* **PROBLEM TO WORK ON**: From the very first line of the data to the line containing "Figure 1. Clinical Tape with a Paper Clip", retype everything exactly, leaving the pictures behind.

* **MATERIAL SUPPLIED**:
· · · ·

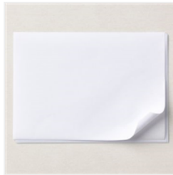
Stampin' Up! Masking Paper - 155480
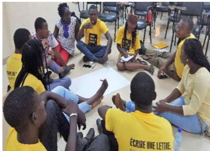
AI Burkina Faso youth members at a campaign training in Ouagadougou

Members in Bobo Dioulasso organized a “Night of Human rights” in commemoration of the 70th anniversary of the UDHR. They mobilized over 150 people and used storytelling, music, drama, film projection to raise awareness about human rights and the UDHR.
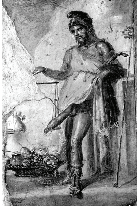
Figure 11. Priapus with phallus on scale; fresco, House of the Vettii, Pompeii

the Vettii is attributable to the beneficial influence of the god and by evoking laughter. In spite of its comedic proportions, the phallus of Priapus retains its decorum, as the glans remains hidden beneath the akroposthion .
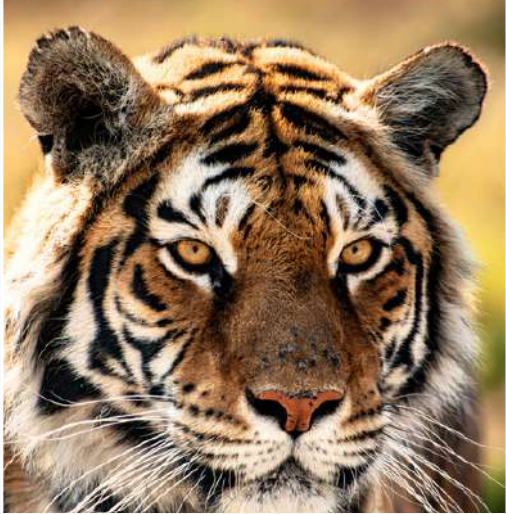
X 8 Bengal Tigers
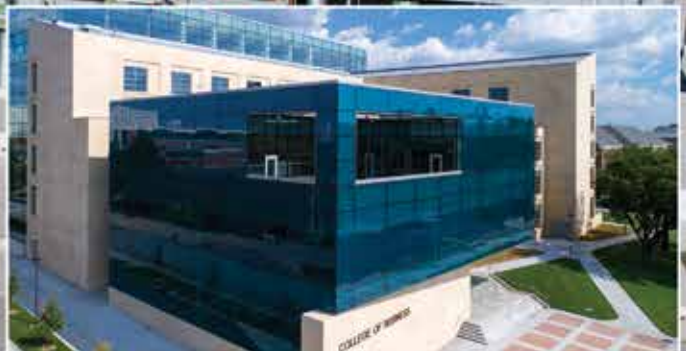
COLLEGE OF BUSINESS
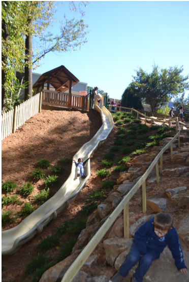
The new giant slide continues to be a student favorite!
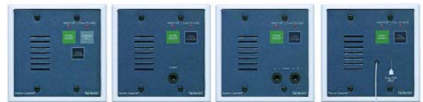
Room Intercom Stations

The NURSE COURIER®3 can incorporate a variety of stations to suit facility requirements:
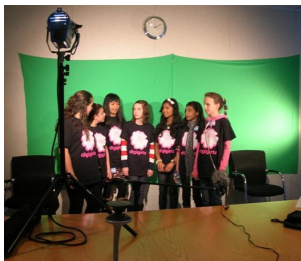
In front of the green screen—lights ... camera ... action!

Students were split into teams and were asked to make a pilot for a new programme using new Microsoft technology. They wrote a script and acted it out in front of a 'green screen'.
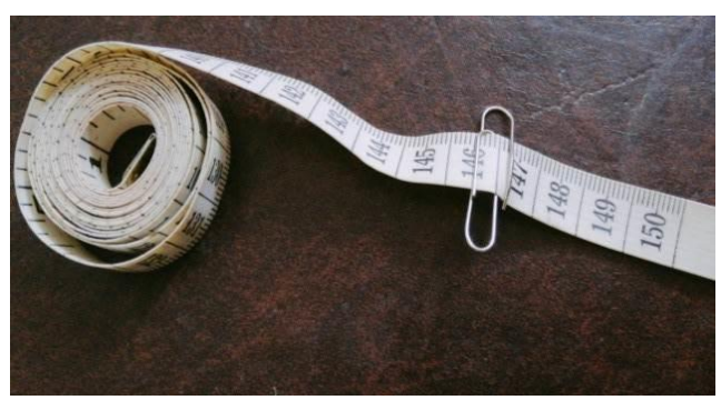
Figure 1. Clinical Tape with a Paper Clip

Screening protocol. Each participant went through an examination for leg length discrepancy and spinal scoliosis. A standard clinical tape with a paper clip was used to the nearest 0.5 mm that was previously reported to have high interrater reliability and good accuracy compared with computed tomographic scanograms (20)(Figure1). Moreover, a scoliometer application combined with the Adams forward bending test was used to detect axial trunk asymmetry (21). This scoliometer application is one of the best applications within the Android and Apple systems used for measuring trunk inclination compared with a manual scoilometer (22). This study used the smartphone "Huawei nova 3i" with the following dimensions: 157.6 mm length, 75.2 mm width, and 7.6 mm thickness. The procedure was repeated twice as described previously (23) (Figure 2).
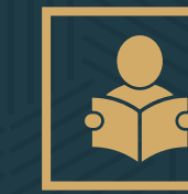
Kids Learning Park
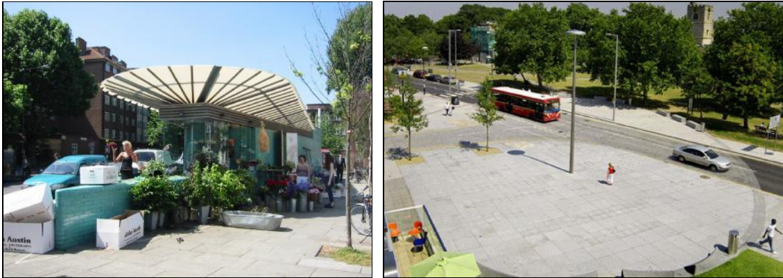
A balance between kiosks, stalls and activity and open circulation space will be made in Church Plaza

It is envisaged this will be of contemporary design and could include high quality paving, dramatic lighting, innovative street furniture, public art and water features.
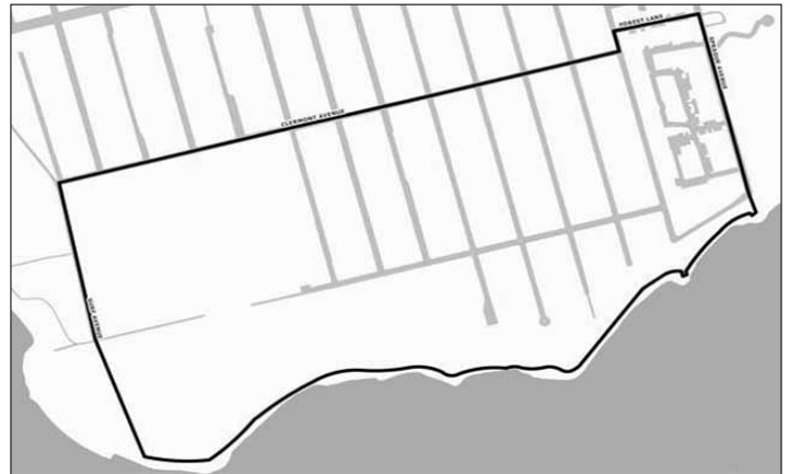
Map 9 Neighborhood Recovery Areas in Staten Island Community District 3 (2 of 2)

YVETTE V. GRUEL, Calendar Officer City Planning Commission 22 Reade Street, Room 2E, New York, NY 10007 Telephone (212) 720-3370
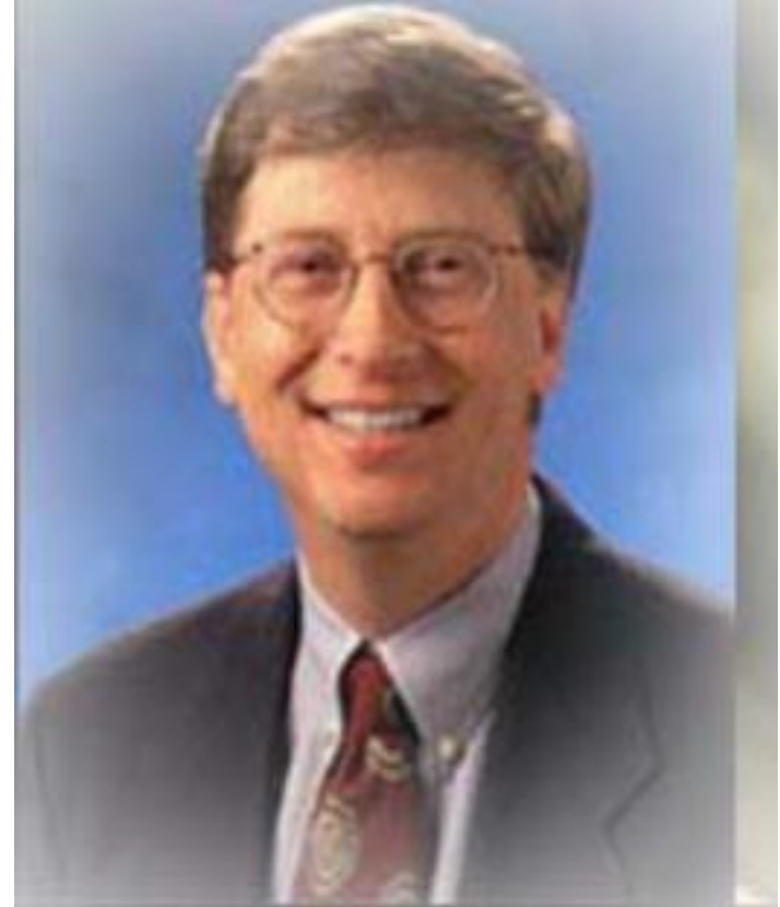
a computer programmer
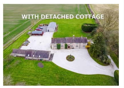
Lower Westwood Farm, Stretton Westwood, Much Wenlock
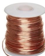
Bare Copper Wire: #6 & #8
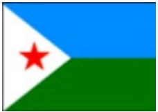
Republic of Djibouti
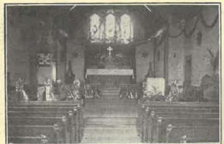
ST. PAUL'S CHURCH, BUTTE, MONT.
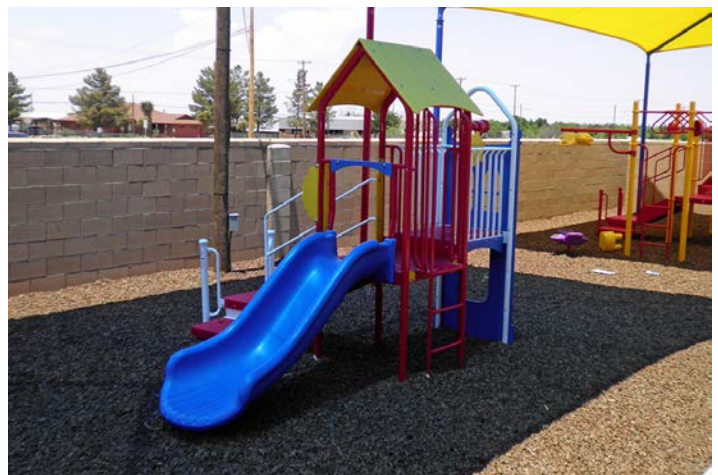
New playground equipment was installed at the COPE shelter this winter.
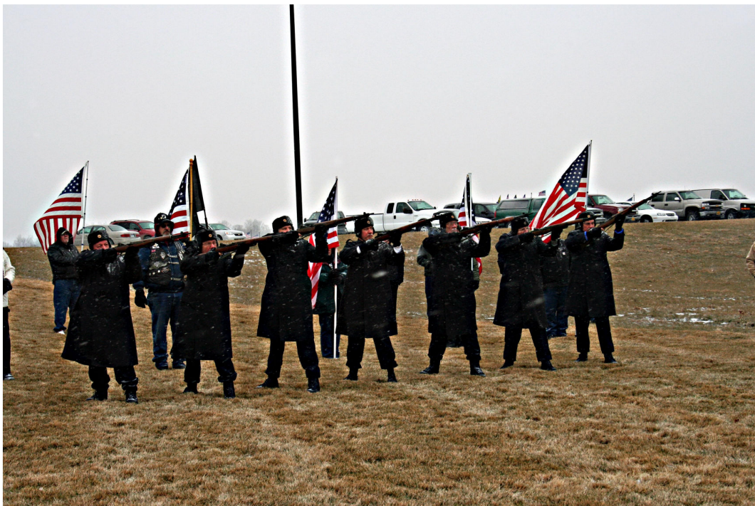
"Wreaths Across America" at Great Lakes Cemetery

Members of the ceremonial team visited Independence Village to honor their veterans, and provided a "Former POW/MIA Recognition Day" ceremony for a POW veteran at Milford Park Place. Visitations to area nursing homes were part of the Memorial Day activities.
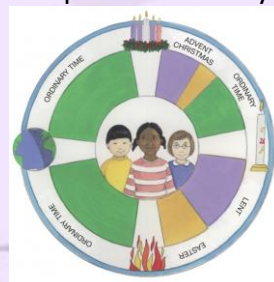
The Liturgical Year
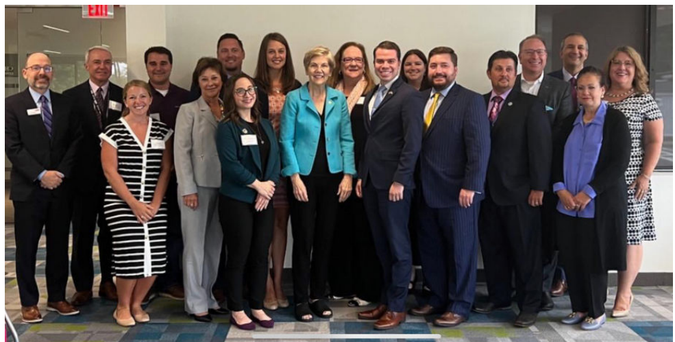
MVOC participated in a local meeting with US Senator Elizabeth Warren to discuss COVID impacts and statewide human service needs
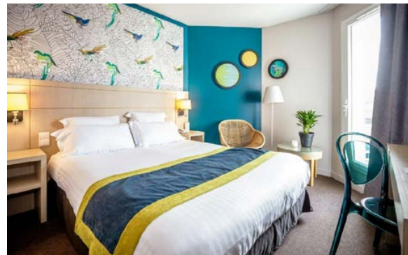
Vannes Three nights at the 4-star Best Western Plus Vannes Centre Ville
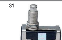
Auxilliary Panel Mount Plunger
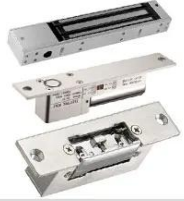
Door EM Lock

Shenzhen Goldbridge, inovasyon Ar-Ge üretimine ve IOT RFID ürünlerinin ve uygulama çözümünün satışına odaklanır, rfid okuyucu kategorisi UHF masaüstü okuyucu yazar, UHF entegre okuyucu, UHF R2000 sabit okuyucu, UHF OEM modülü, RFID el okuyucu, uhf rfid etiketleri, aktif 2.4G rfid okuyucu, EM 125KHZ Uzun menzilli okuyucu, endüstriyel RFID donanımı ve entegre yazılım, ulusal yüksek teknoloji kurumsal sertifika FCC, CE ve ROHS aldı.
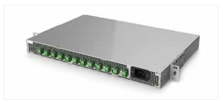
Power Supply Unit (PSU6-1U)
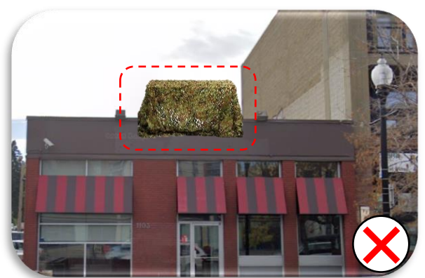
The attempted camouflage is not harmonious with the building and does not conceal the equipment.
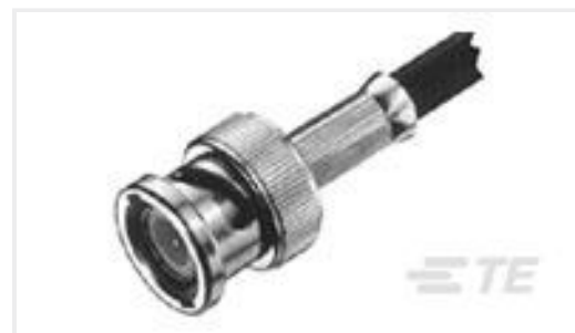
TE Part #5221128-1 PLUG,COMMERCIAL BNC
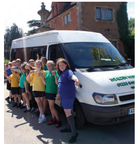
Above: Students from St. Mary's, Chilham, with their haul of 'Olympic' medals.
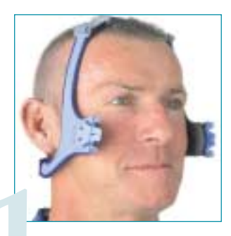
Adjust each side vertical strap so that lower strap sits just below ear (not touching it).
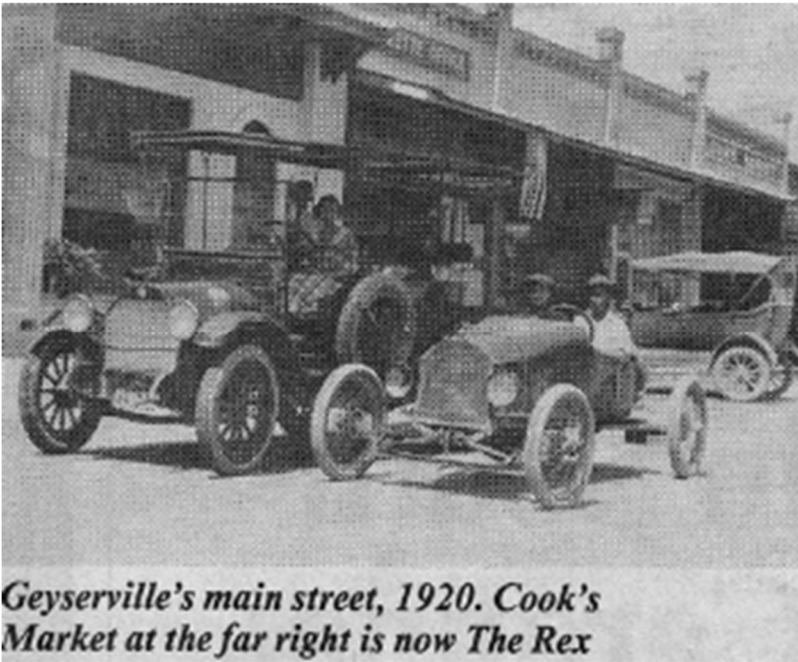
Geyserville's main street, 1920. Cook's Market at the far right is now The Rex
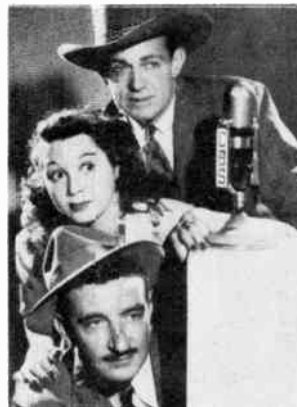
MEMBERS OF CAST "I Love A Mystery"
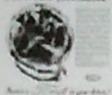
The first factory assembly line was in Highland Park, Michigan

· · · ·

* **ANSWER SPACE**:
Stampin' Up! Masking Paper - 155480
AI Burkina Faso youth members at a campaign training in Ouagadougou

Members in Bobo Dioulasso organized a “Night of Human rights” in commemoration of the 70th anniversary of the UDHR. They mobilized over 150 people and used storytelling, music, drama, film projection to raise awareness about human rights and the UDHR.
Figure 11. Priapus with phallus on scale; fresco, House of the Vettii, Pompeii

the Vettii is attributable to the beneficial influence of the god and by evoking laughter. In spite of its comedic proportions, the phallus of Priapus retains its decorum, as the glans remains hidden beneath the akroposthion .
X 8 Bengal Tigers
COLLEGE OF BUSINESS
The new giant slide continues to be a student favorite!
Room Intercom Stations

The NURSE COURIER®3 can incorporate a variety of stations to suit facility requirements:
In front of the green screen—lights ... camera ... action!

Students were split into teams and were asked to make a pilot for a new programme using new Microsoft technology. They wrote a script and acted it out in front of a 'green screen'.
Figure 1. Clinical Tape with a Paper Clip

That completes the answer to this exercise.